Team members:
- Avik Kuthiala (101803116)
- Naman Tuli (101983040)
Video Link:
Presentation File Here.
Make sure to use venv
for installing dependencies. Use the following line of code to install all the required dependencies in your created virtual environment. To make an env, run:
python -m venv myenv
myenv\Scripts\activate.bat
Run the following in your terminal:
pip install -r requirements.txt
Note: If we missed any dependency, kindly pip install the library which was not found.
First navigate to /Bicameral-Minds
, the repository you cloned.
After installing the dependencies, navigate to directory Code/NER Models/
go to each folder and select Extract Here
for all 4 zip files.
Setup complete.
Navigate to directory Code/
To run the crawler with default settings, just use:
scrapy crawl mygovscraper
The default running time for the crawler is 3 minutes. To run the crawler for a specific amount of time, use:
scrapy crawl mygovscraper -s CLOSESPIDER_TIMEOUT=<time in secs>
Example (To run for 1800 seconds):
scrapy crawl mygovscraper -s CLOSESPIDER_TIMEOUT=1800
Note: Do not give space after CLOSESPIDER_TIMEOUT= as it will give error.
Other specific settings to configure the crawler can be found on official scrapy documentation.
A database will be created:
database.csv
Navigate to directory Code/
and run in terminal:
python postprocess.py
New database will be created:
clean_database.csv
- The problem statement mentioned that 15 countries will be considered for the hackathon. Hence we used only 3 countries to train our NLP models(since training for 15 countries and then producing results on them would not make sense). But in the FAQs of the e-mail sent by MSC on 17-09-2020(for deadline extention), it was mentioned, "Try to train with as many countries' govt websites' HTML structures as possible". We trained with data for 3 countries and scaled it for 15, hence we believe we can train for 15 countries and scale the solution to 70-80 countries. However, it was not feasible to carry out this upscaling in under 4 days.
- The crawler visits all the sites, but without following any particular order. It may happen that you would have to wait for some while before you start seeing meaningful websites appear in logs.
- After the crawler starts running, you can see the sites that are being crawled in
Code/log.txt
file. Currently it has been emptied out. - The sites which are to be crawled in are to be mentioned in
starter_sites.txt
currently, the file contains all 14 sites to be considered.
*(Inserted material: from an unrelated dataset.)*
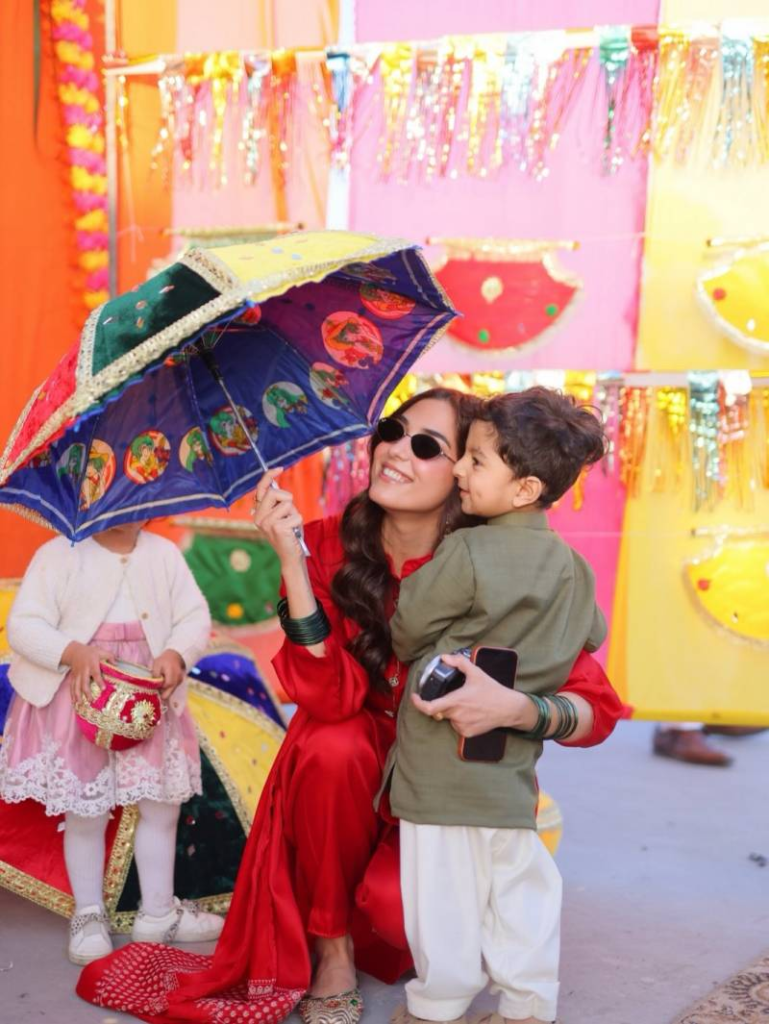 In her latest carousel, Maya shared snapshots surrounded by traditional umbrellas and bright marigolds, captioning them: “These are the moments we live for…!!” Dressed in a red kurta set from Zara Shahjahan’s Basant ’26 collection, she radiated festive charm while posing effortlessly against Lahore’s lively backdrops.

We strongly advise that for testing purposes, try with only 1 site since crawling govt sites is a very computationally costly process. - The sample database that we created was run for a total of 16 hours.
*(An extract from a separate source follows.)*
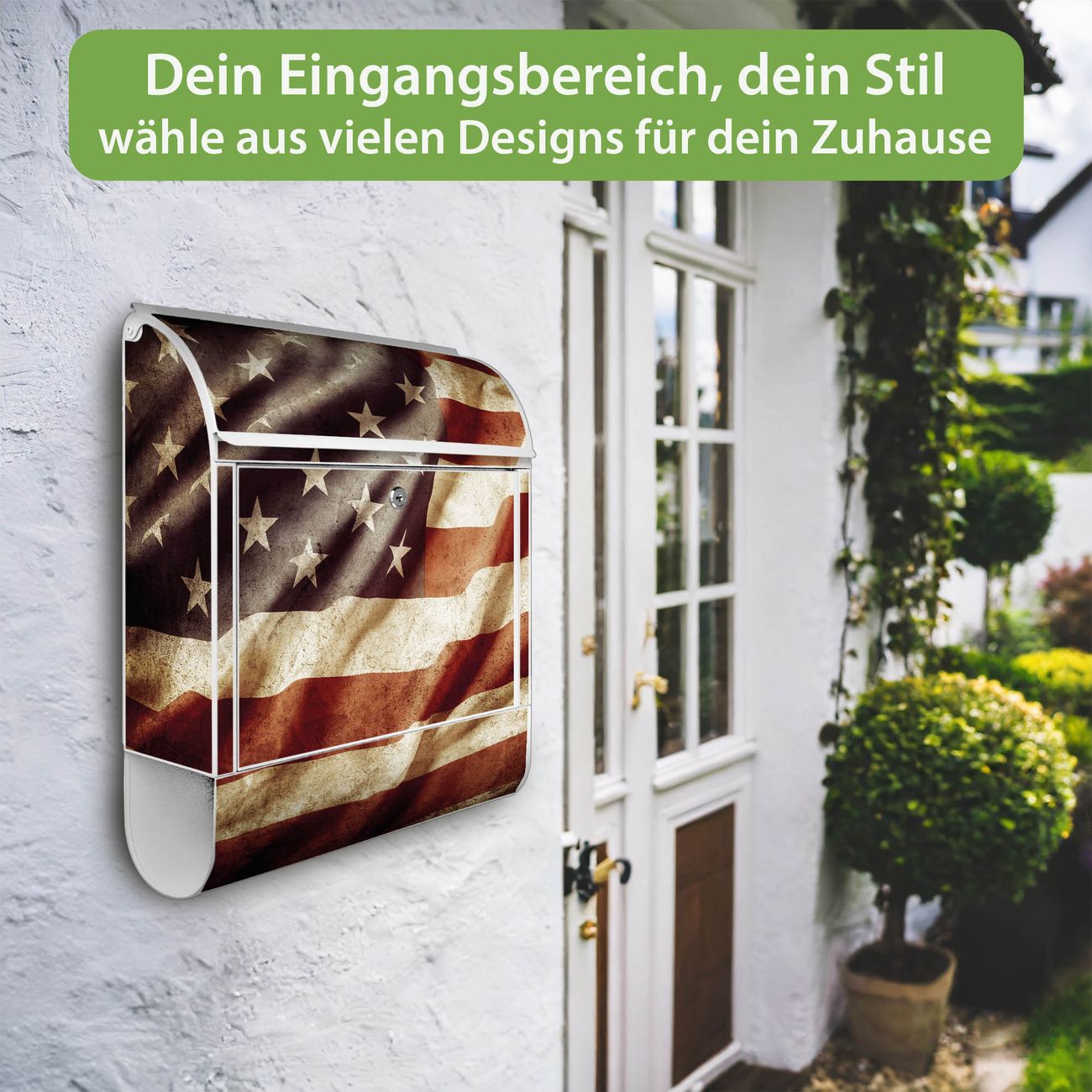 DESIGN: Der Postkasten mit Motiv Motiv United States hat ein sehr ansprechendes und ausgefallenes Design, damit entlocken Sie Ihren Nachbarn und dem Postboten ein Lächeln. Heben Sie Sich von der tristen grauen Masse ab, ohne auf Funktionalität zu verzichten. DETAILS: Der Postkasten besteht aus pulverbeschichtetem Stahl. Er ist 38x46x12,5cm groß. Das Motiv besteht aus einer wetter- und UV-resistenten Folie, die mit einem Schutzlaminat überzogen ist, sodass der Briefkasten zusätzlich vor Kratzern geschützt ist. Der Briefkasten wird mit Montagematerial, zusätzlich zwei Schlüssel sowie einer Bohrschablone geliefert. NUTZEN: Sie können diesen Briefkasten sowohl als Wandbriefkasten montieren oder einen passenden Ständer kaufen und als Standbriefkasten einbetonieren. Die Größe bietet genügend Platz für Sendungen aller Art, der Einwurf fasst auch größere A4 Sendungen. BANJADO: Ihr Briefkasten wird in Sachsen in einer kleinen Manufaktur von Hand veredelt. Die Motivfolie ist lösungsmittelfrei und schutzlaminiert für einen langen Halt. Wir legen großen Wert auf die Verbindung von Funktionalität und Design. Sie erhalten Handarbeit aus Sachsen.

- Results on news article pages:
The above image is an example of a news article webpage from which Prefix, Name and Position held was correctly extracted. The scraper is not designed to extract profiles from huge paragraphs, yet we noticed a few profiles being successfully extracted from news articles as well.
The API has been built using node.js and express.js and functions by fetching data from a mongo.db database.
Ensure that you have a functioning mongo.db database setup before running the API on postman.
Navigate to the db_api
directory and install the required modules using npm:
npm install express node body-parser mongoose nodemon
First start the database server using -
mongod
To import the csv database into mongo.db, run the following command -
mongoimport --type csv -d record_db -c records --headerline --drop final_db.csv
Then make sure you are in db_api/
and run the command -
npm run start
Now the setup is running and you can use postman
to test your API. The parameters need to be passed using x-www-form-urlencode
to the Body
.
The API will be hosted on http://localhost:3000/
To get all records, use - http://localhost:3000/records
\
To get details of a single person, use -
http://localhost:3000/findrecord
and pass parameter name
as explained above and in the accompanying video.